Выбрать главу

Горобец охотно согласился, что «не такие». При этом лицо его осветилось самодовольством, оттого что всё здесь вот так хорошо он устроил, и вообще он такой человек, что если ты с ним — человек, и он с тобой человек, ты с ним по-хорошему — и он с тобой по-хорошему. И потому ему все рады и все он может достать, даже там, где другой ничего не достанет. А бездетный Кучин только вздохнул и, достав из жестянки кусок голубца, покорно понес его ко рту на ноже, страхуя снизу ладонью.

— А чего удивляться, — сказал опять Мишаков, — родились эти ребята в войну. Чего они видели? Картошку и то не вволю. Мельчает народ от войн.
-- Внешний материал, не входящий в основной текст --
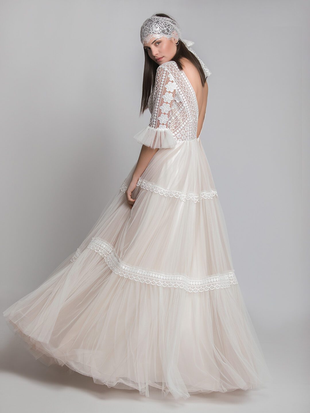 Το απόλυτο boho chic νυφικό φιλοτεχνημένο από μεταξωτό γαλλικό τούλι και κεντημένο με βαμβακερή κιπούρ δαντέλα
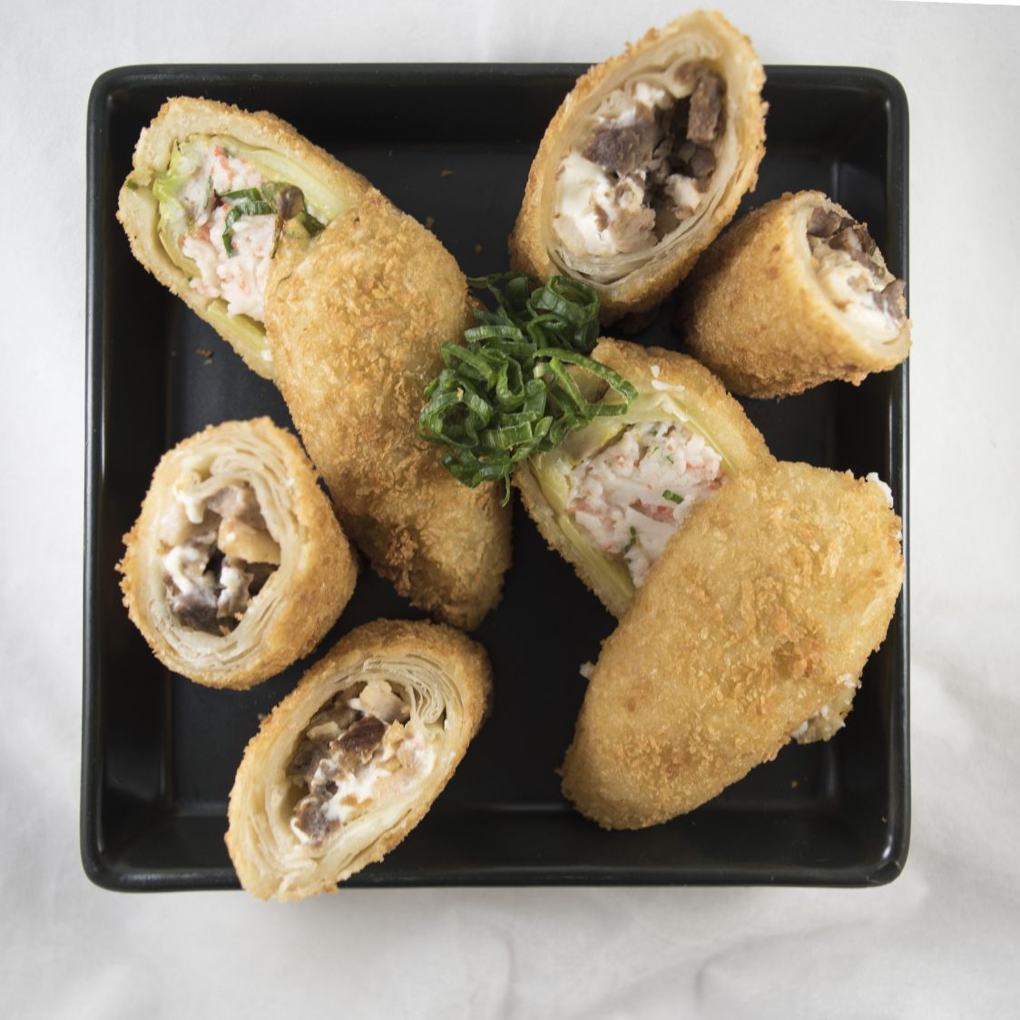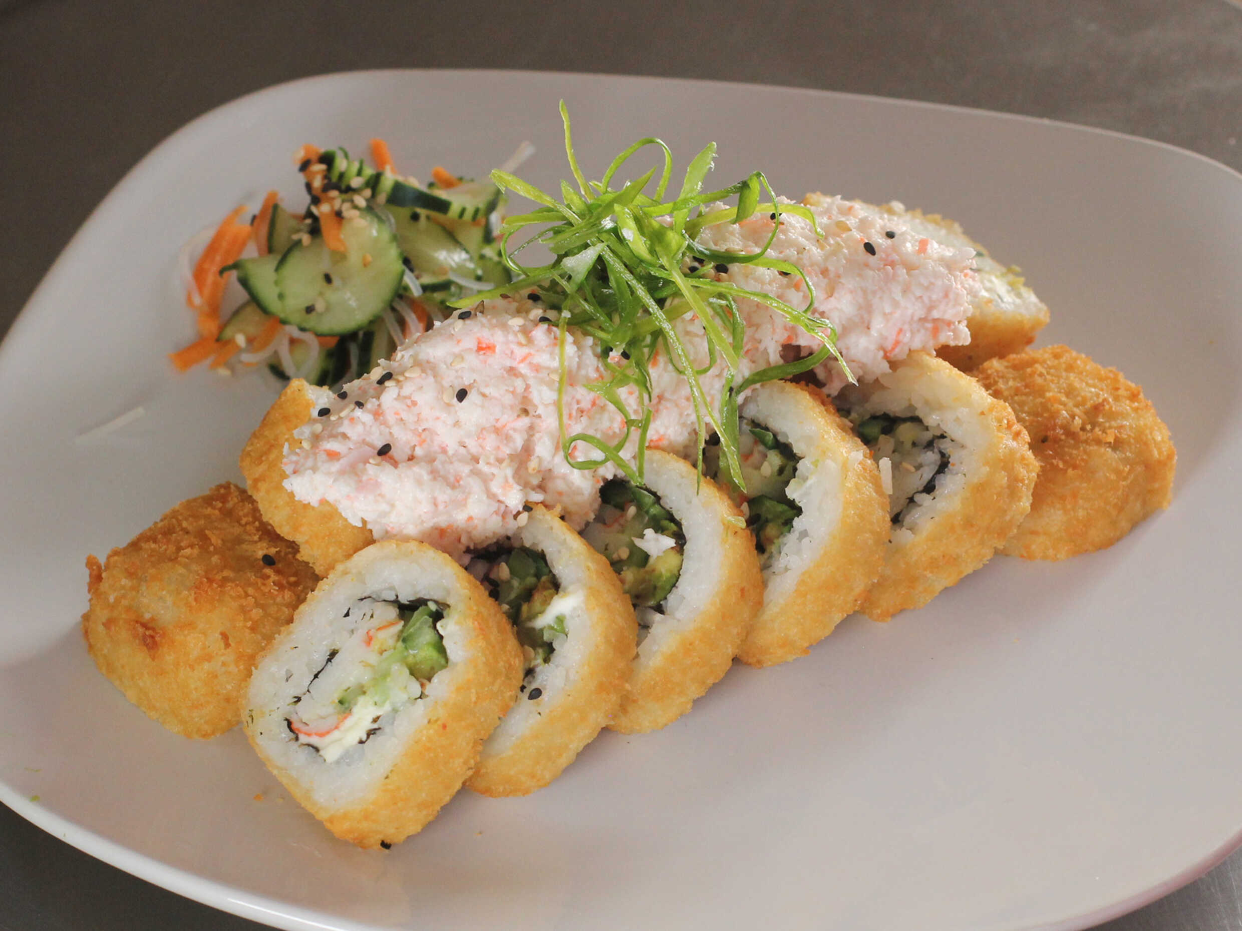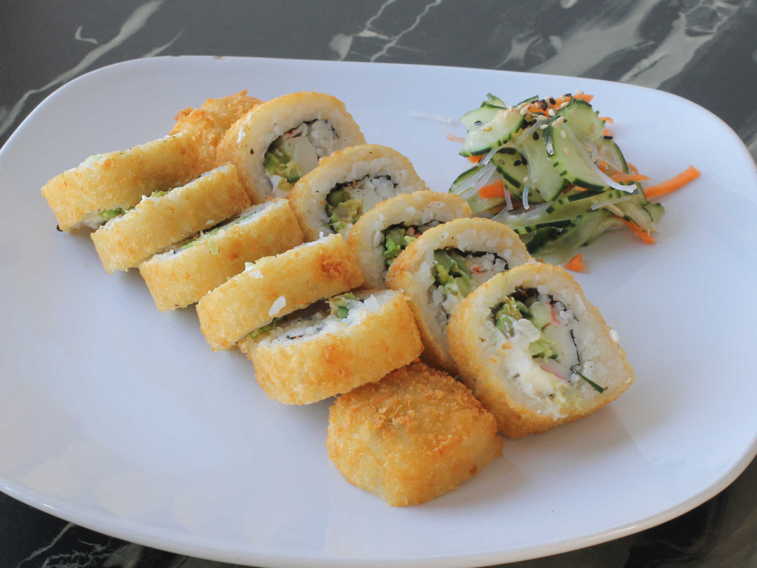 Camarón empanizado, forrado de plátano macho, queso crema, pepino, aguacate y ajonjolí.

Горобец, не склонный к философии, отличавшийся практическим складом ума, опять оглянулся по сторонам и за горлышко вынул из воды еще бутылку. Все видели, что он опускал туда одну, но теперь явилась на свет и вторая.

— Ты, Горобец, как Христос, воду в вино обращаешь, — польстил Кучин, поскольку пил теперь уже не свое. Горобец сказал только:

— Тащи!

Не ели с утра самого, и после этого стакана всех потянуло на откровенность. Кучину хотелось сказать о значении правильного землеустройства, о том, главное, что землеустроителей не ценят, но его не слушали, он обижался и под конец замолчал. Говорил главным образом Горобец. Про то, как ему приходилось пить с большими людьми. Рассказывал он подробно: сколько было выпито, чем закусывали, что сказал и что из еды «уважает» большой человек — все это как бы по секрету, вполголоса и оглядываясь.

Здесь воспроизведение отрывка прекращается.